Boarding times in the ED seldom approach these thresholds, so CT or MR imaging is not typically indicated in the ED for the patient with an established diagnosis of acute pancreatitis.
Hazards of Imaging Patients with Acute Pancreatitis
A recent retrospective study at an academic hospital found that over half of all patients presenting to the ED with acute pancreatitis underwent CT imaging in the first 24 hours of admission; the vast majority of these patients had a clear diagnosis of acute pancreatitis without this imaging. Other studies have also demonstrated increasing rates of early or ED-based imaging of acute pancreatitis nationwide.
Projections of radiation risk are dependent on many factors, but modeling predicts a number needed to harm of roughly 1,000 abdomen/pelvis CT exposures in healthy 40-year-old patients for each radiation-induced cancer.
Detection of clinically insignificant lesions elsewhere in the abdomen that require additional invasive testing or repeat imaging (so-called incidentalomas) confers additional risk to the patient and draws excess resources and cost from the health care system.
While early CT or MR imaging may be occasionally necessary in very ill patients or in cases where there is diagnostic uncertainty, routine imaging is seldom useful and potentially harmful. Be judicious with the radiation exposure risk of excess CT imaging.
- CT/MR imaging is not indicated for assessment of clear-cut acute pancreatitis in the ED.
- Serum lipase levels are unreliable in patients with chronic or intermittent pancreatitis.
- Excess imaging carries real risk to the patient.
- Consider cross-sectional imaging (CT and MRI) to assess for nonpancreatic causes of abdominal pain if the diagnosis is unclear.
- CT or MR imaging are primarily used to detect complications of acute pancreatitis.

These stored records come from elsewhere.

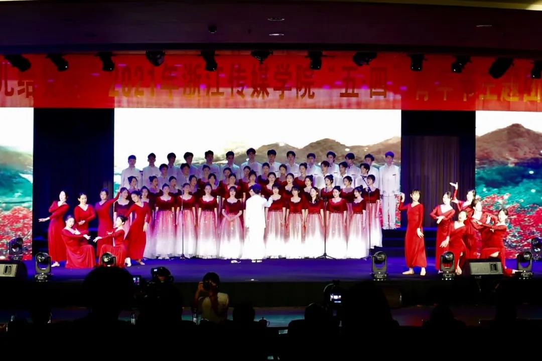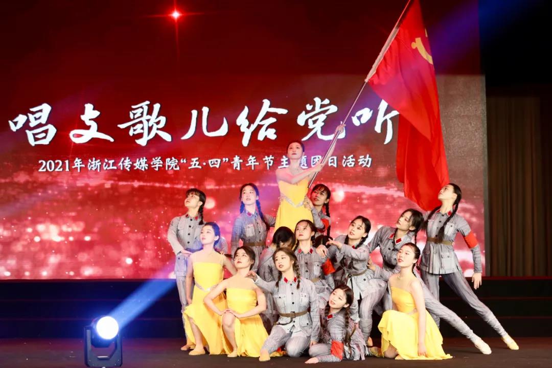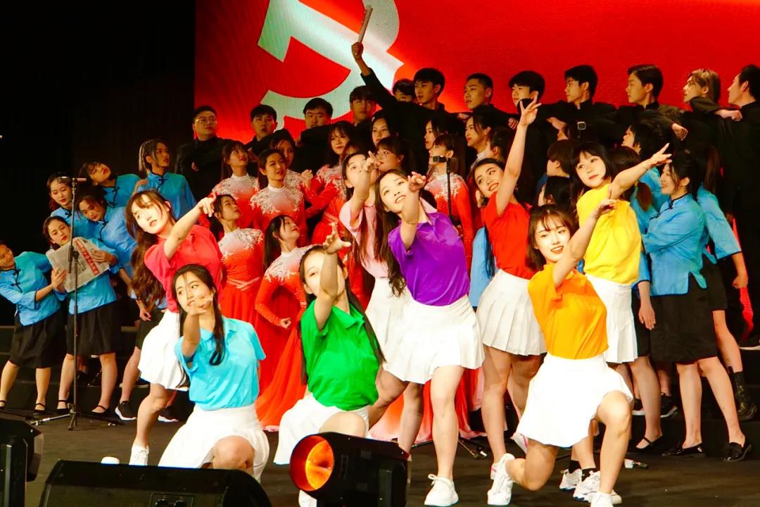 饱满的音色、动情的歌声使现场观众沉浸其中,舞美和背景与歌声相辅相成,充分展现了浙传学子的实力和激情。让我们立天下之志向,争做青春途中的赶路人。中国前程正似锦,青春奋斗正当时!由各二级学院代表带来《没有共产党就没有新中国》,同学们边挥舞着手中的国旗边放声歌唱,满眼红旗飘动在舞台中央,台下观众齐唱互动,现场氛围热烈。伴随着歌声,本次主题团日活动圆满落下帷幕。
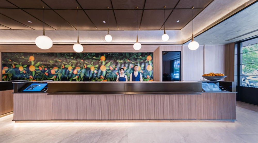 走進桔子濟南泉城廣場寬厚里酒店大堂,撲面而來的仿佛是加州橘子郡采擷而來的熱情與活力。大堂內新鮮甜香的桔子既能增香又可暢吃,感官營銷收獲住客諸多好評。墨綠色與桔色強烈反差,金屬包邊與木質格柵的材質搭配,包攬豐沛陽光的巨大落地窗,隨處可見的各類桔子背景墻、地毯、造型工藝品,這里是桔子的海洋,盡享桔氣的芬芳。大堂配有共享會議桌、美式沙發和茶點車以及Costa咖啡補給站,讓工作、社交、休閑流暢交融。30秒入住、0秒退房,把握時間節奏,為旅途尋求更多細節的幸福感。
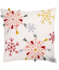 The HGTV Home Collection by National Tree Company 18 inch velvet snowflake embroidered pillow sounds beautiful! The white velvet provides a luxurious feel. while the multicolor snowflakes add a playful. vibrant touch. The tassels are a charming detail that enhances the overall design. making it perfect for creating a cozy winter vibe. You can use it on your couch. in an armchair. or as part of a bedspread to create a festive focal point.
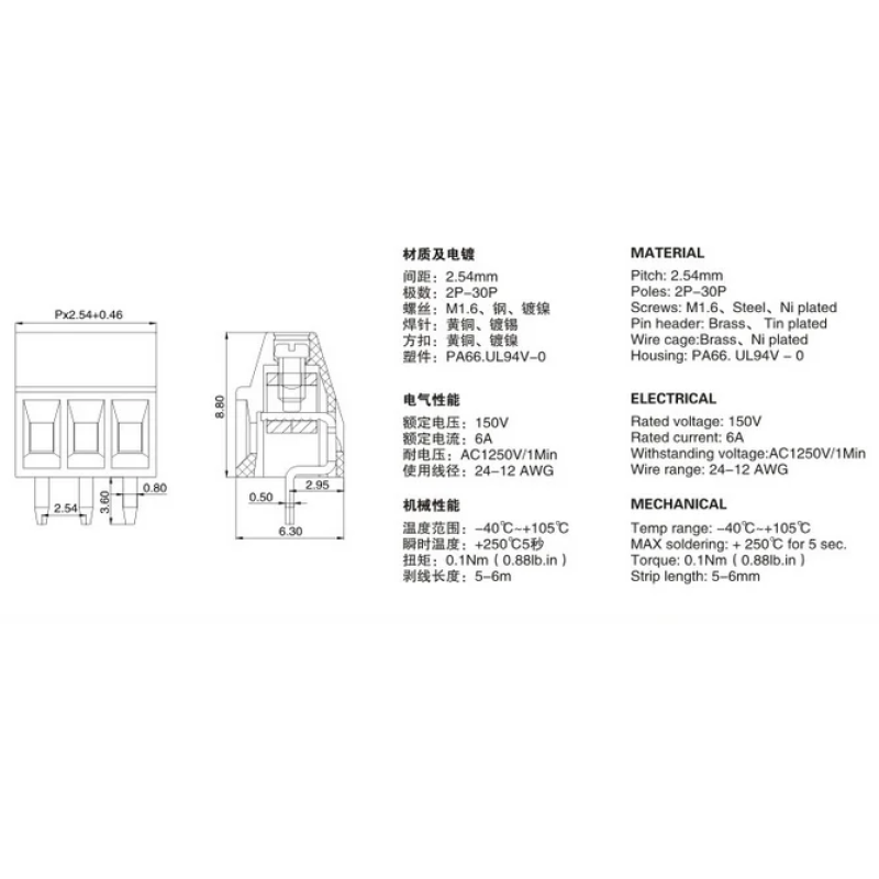 Terminal borne de dos tornillos con separación de 2.54 mm entre pines

- Optimal timing for imaging patients with acute pancreatitis with persistent symptoms or fever is after 48 to 72 hours of medical management.

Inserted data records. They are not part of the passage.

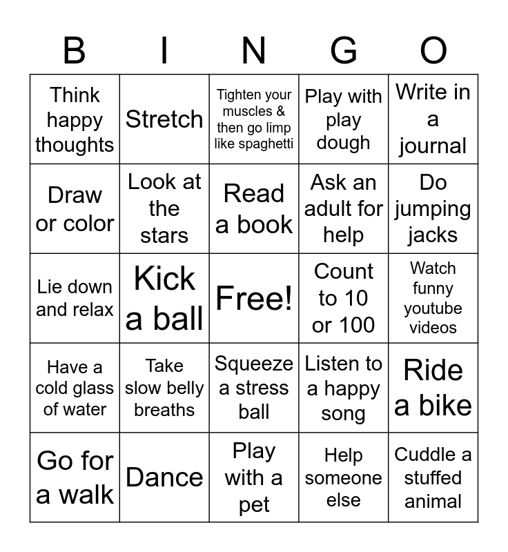 This bingo card has a free space and 24 words: Take slow belly breaths, Dance, Read a book, Go for a walk, Write in a journal, Think happy thoughts, Draw or color, Stretch, Count to 10 or 100, Squeeze a stress ball, Ask an adult for help, Lie down and relax, Listen to a happy song, Ride a bike, Look at the stars, Help someone else, Watch funny youtube videos, Tighten your muscles & then go limp like spaghetti, Do jumping jacks, Kick a ball, Cuddle a stuffed animal, Have a cold glass of water, Play with play dough and Play with a pet.
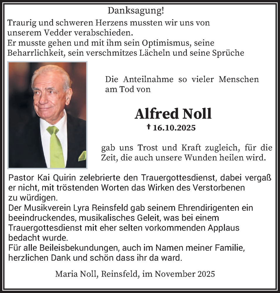 Hier finden Sie alle Traueranzeigen aus der Zeitung, die bisher für Alfred Noll erschienen sind. Weitere Traueranzeigen, die in der Zeitung erscheinen, werden hier ebenfalls aufgelistet
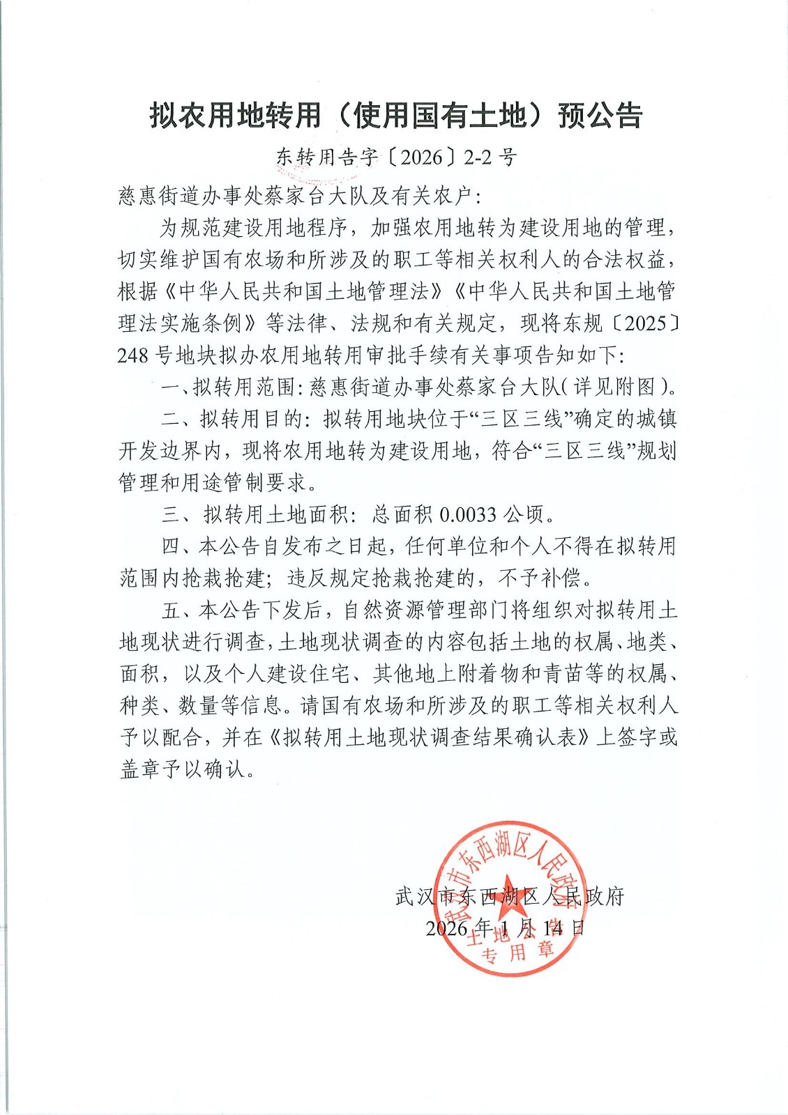 拟农用地转用(使用国有土地)预公告(东转用告字〔2026〕2-2号)
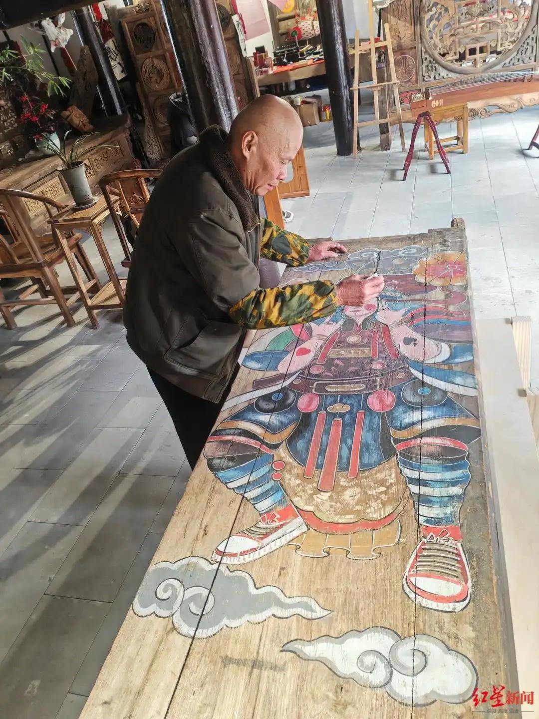 2月10日上午,“萬千氣象看四川”大型主題采訪活動走進四川南充市閬中古城,在古城北街的門神畫展示中心,省級非物質文化遺產(chǎn)“閬中門神畫”傳承人張桅正在店里一塊木門板上創(chuàng)作門神畫。不同于很多地方是貼門神畫,閬中的門神是直接“畫”到大門上去的,色澤古樸,栩栩如生。
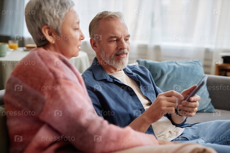 Пожилая пара использует мобильное приложение для онлайн-покупок
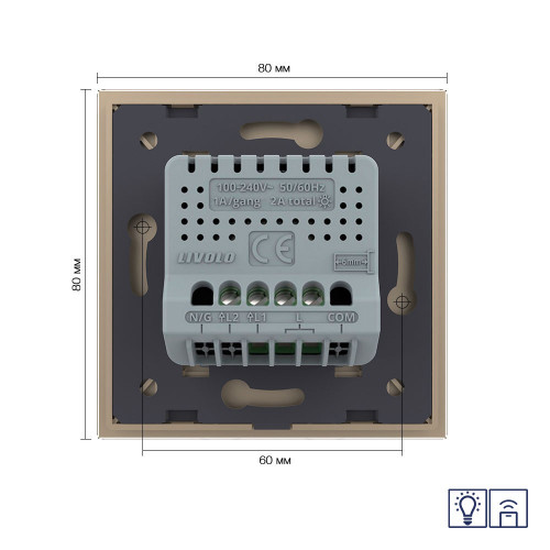 Для управления освещением с пульта ДУ, выключатель необходимо подключить к пульту дистанционного управления LIVOLO VL-RMT-02 (VL-XR002-S70) или VL-RMT-04 (VL-XR004-LS70). Пульт приобретается отдельно. С пультами других производителей не работает.
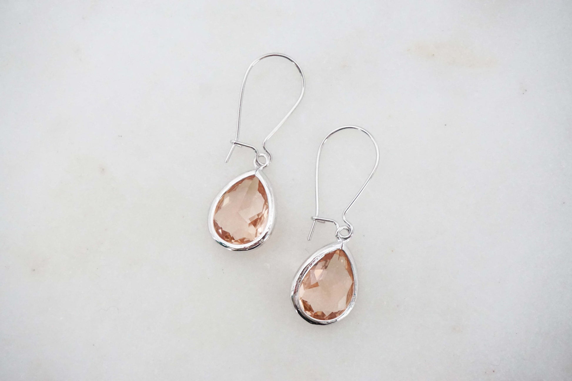 Champagne Teardrop Gem Hoop Earrings | Bridesmaid Earrings | Wedding Jewelry | EHCHPG1, EHCHPS1
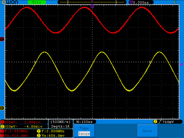 周波数を変えて周波数特性のグラフを作るのはさすがにめんどくさいので、AD9833ファンクションジェネレーターで2MHzのサイン波を出力して入出力の増幅率を見てみた。
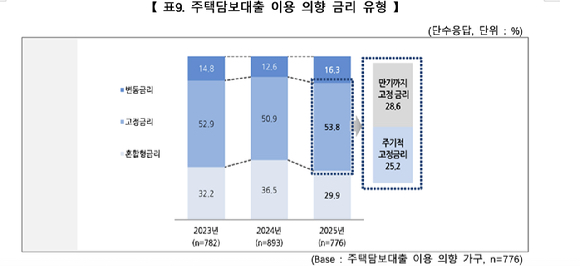 한국주택금융공사는 26일 전문조사기관과 함께 한 '2025년 주택금융 및 보금자리론 실태조사'에 따르면 주담대 이용을 희망하는 가구 중 고정금리를 선호하는 비중은 53.8%로 전년(50.9%) 대비 2.9%포인트(p) 증가했다.
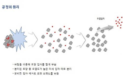 이 환경신기술은 물과 화학약품을 사용하지 않고 바람을 이용해 중금속 오염도가 높은 토양을 분리하는 기술로 공정구성이 간단하여 경제성이 높은 기술이다.

References / Suggested Readings
- Bharwani N, Patel S, Prabhudesai S, et al. Acute pancreatitis: The role of imaging in diagnosis and management. Clin Radiol. 2011;66:164–175.
- Dachs RJ, Sullivan L. Does early ED CT scanning of afebrile patients with first episodes of acute pancreatitis ever change management? Emerg Radiol. 2015;22:239–243.

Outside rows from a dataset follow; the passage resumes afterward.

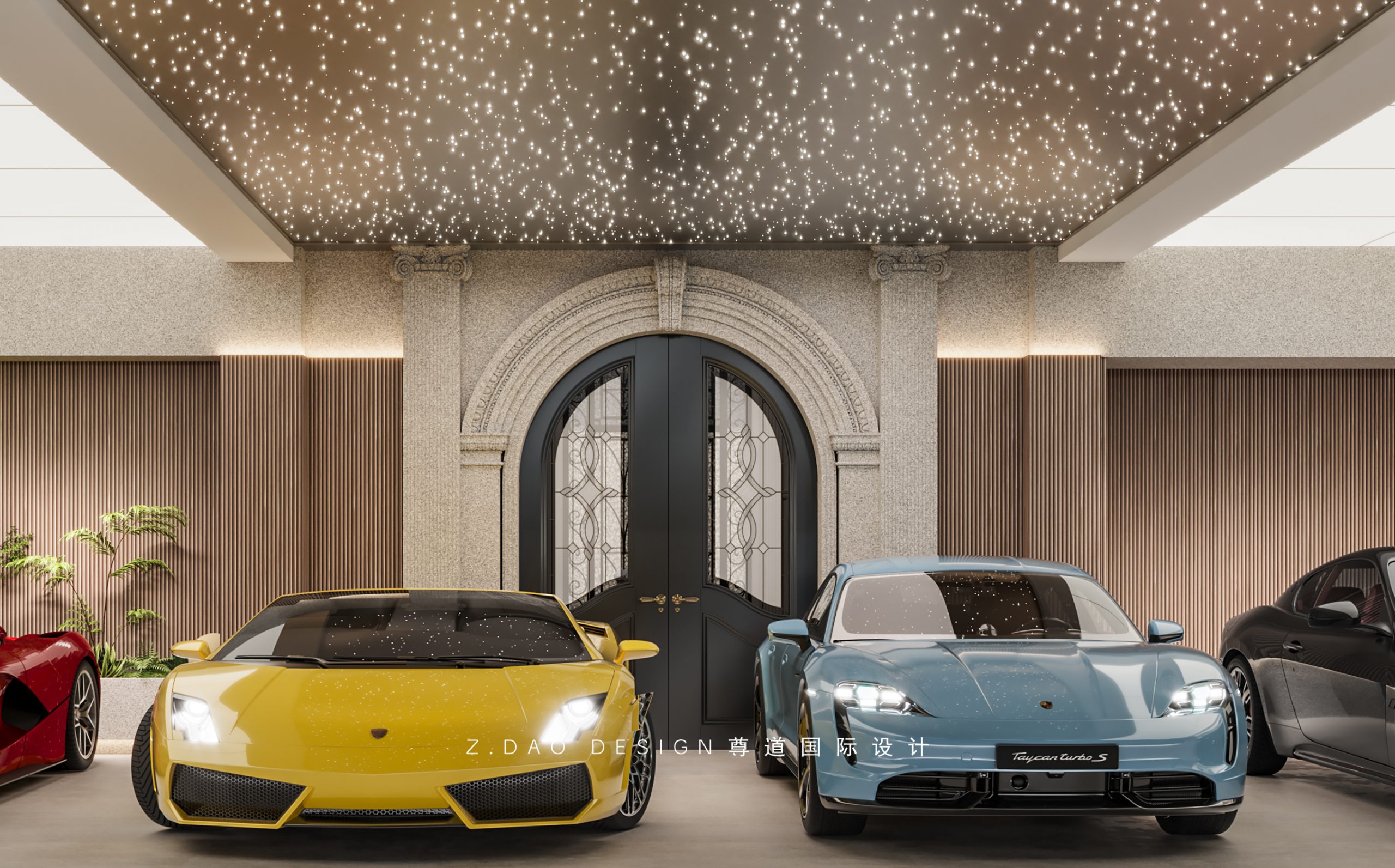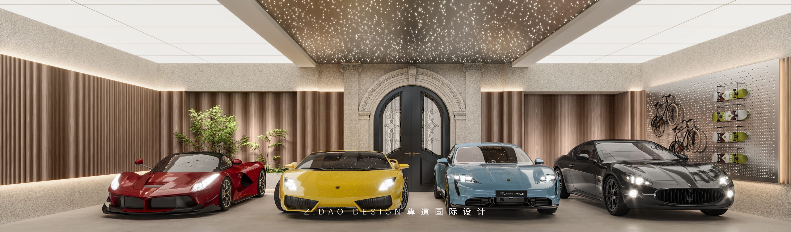 顶面发光灯膜与星空顶带来更加温馨、包容的社交氛围,右面酷雅的洞洞板展陈的是热爱与冷峻,正面掏空的龛部将“景”巧妙的嵌入在墙面中。车库拱形金属门,给归家时刻营造出一种仪式感,也让法式氛围就此渲染开来。
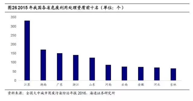 我國危廢綜合利用與處置行業(yè)格局分散,市場集中度較低。2015年全國危廢許可證(含醫(yī)療危廢)數量為2034個,較前一年增加113個,其中江蘇省頒發(fā)的危廢許可證數量為327個,數量上排名第一,湖南、廣東分列二、三位,數量在150個左右,浙江、山東也超過100個。截止到2015年,全國危險廢物經營單位核準經營規(guī)模達到5263萬噸/年,其中核準利用規(guī)模為4155.1萬噸/年,核準處置規(guī)模為982.4萬噸/年,平均每個許可證僅對應2.59萬噸/年的利用和處置能力。根據2008年環(huán)保部公布的危廢處置名單,當時全國1500多家具有危廢處理資質的企業(yè)中,處理能力達到1000噸/日的企業(yè)僅占0.3%,目前行業(yè)格局沒有太大變化。
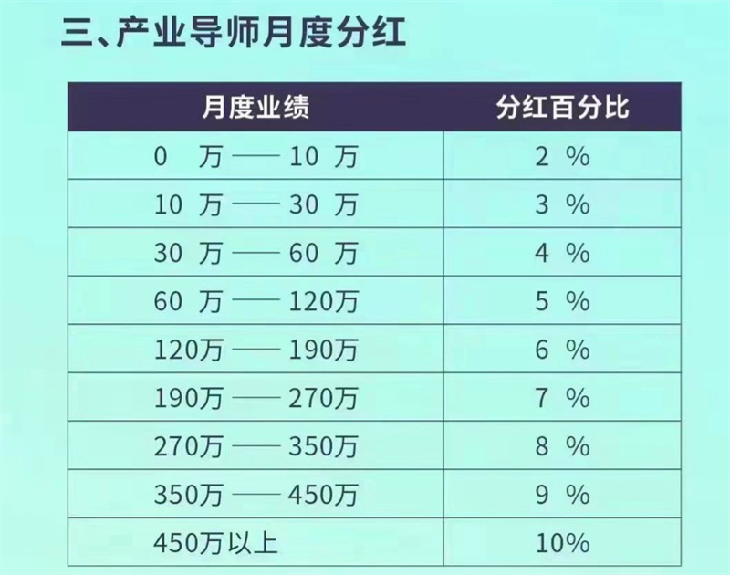 團(tuán)隊(duì)業(yè)績(jī)分紅獎(jiǎng)勵(lì):產(chǎn)業(yè)導(dǎo)師的團(tuán)隊(duì)月總業(yè)績(jī)?cè)?~10萬之間,可獲得團(tuán)隊(duì)月總業(yè)績(jī)2%的分紅;團(tuán)隊(duì)月總業(yè)績(jī)?cè)?0~30萬之間,可獲得團(tuán)隊(duì)月總業(yè)績(jī)3%的分紅;團(tuán)隊(duì)月總業(yè)績(jī)?cè)?0~60萬之間,可獲得團(tuán)隊(duì)月總業(yè)績(jī)4%的分紅;團(tuán)隊(duì)月總業(yè)績(jī)?cè)?0~120萬之間,可獲得團(tuán)隊(duì)月總業(yè)績(jī)5%的分紅;團(tuán)隊(duì)月總業(yè)績(jī)?cè)?20~190萬之間,可獲得團(tuán)隊(duì)月總業(yè)績(jī)6%的分紅;團(tuán)隊(duì)月總業(yè)績(jī)?cè)?90~270萬之間,可獲得團(tuán)隊(duì)月總業(yè)績(jī)7%的分紅;團(tuán)隊(duì)月總業(yè)績(jī)?cè)?70~350萬之間,可獲得團(tuán)隊(duì)月總業(yè)績(jī)8%的分紅;團(tuán)隊(duì)月總業(yè)績(jī)?cè)?50~450萬之間,可獲得團(tuán)隊(duì)月總業(yè)績(jī)9%的分紅;團(tuán)隊(duì)月總業(yè)績(jī)超過450萬,可獲得團(tuán)隊(duì)月總業(yè)績(jī)10%的分紅。

- Shinagare AB, Ip IK, Raja AS, et al. Use of CT and MRI in emergency department patients with acute pancreatitis. Abdom Imaging. 2015;40:272–277.
- Smith-Bindman R, Lipson J, Marcus R, et al. Radiation dose associated with common computed tomography examinations and the associated lifetime attributable risk of cancer. Arch Intern Med. 2009;169:2078–2086.
- Tenner S, Baillie J, DeWitt J, et al. American College of Gastroenterology guideline: Management of acute pancreatitis. Am J Gastroenterol. 2013;108:1400–1415.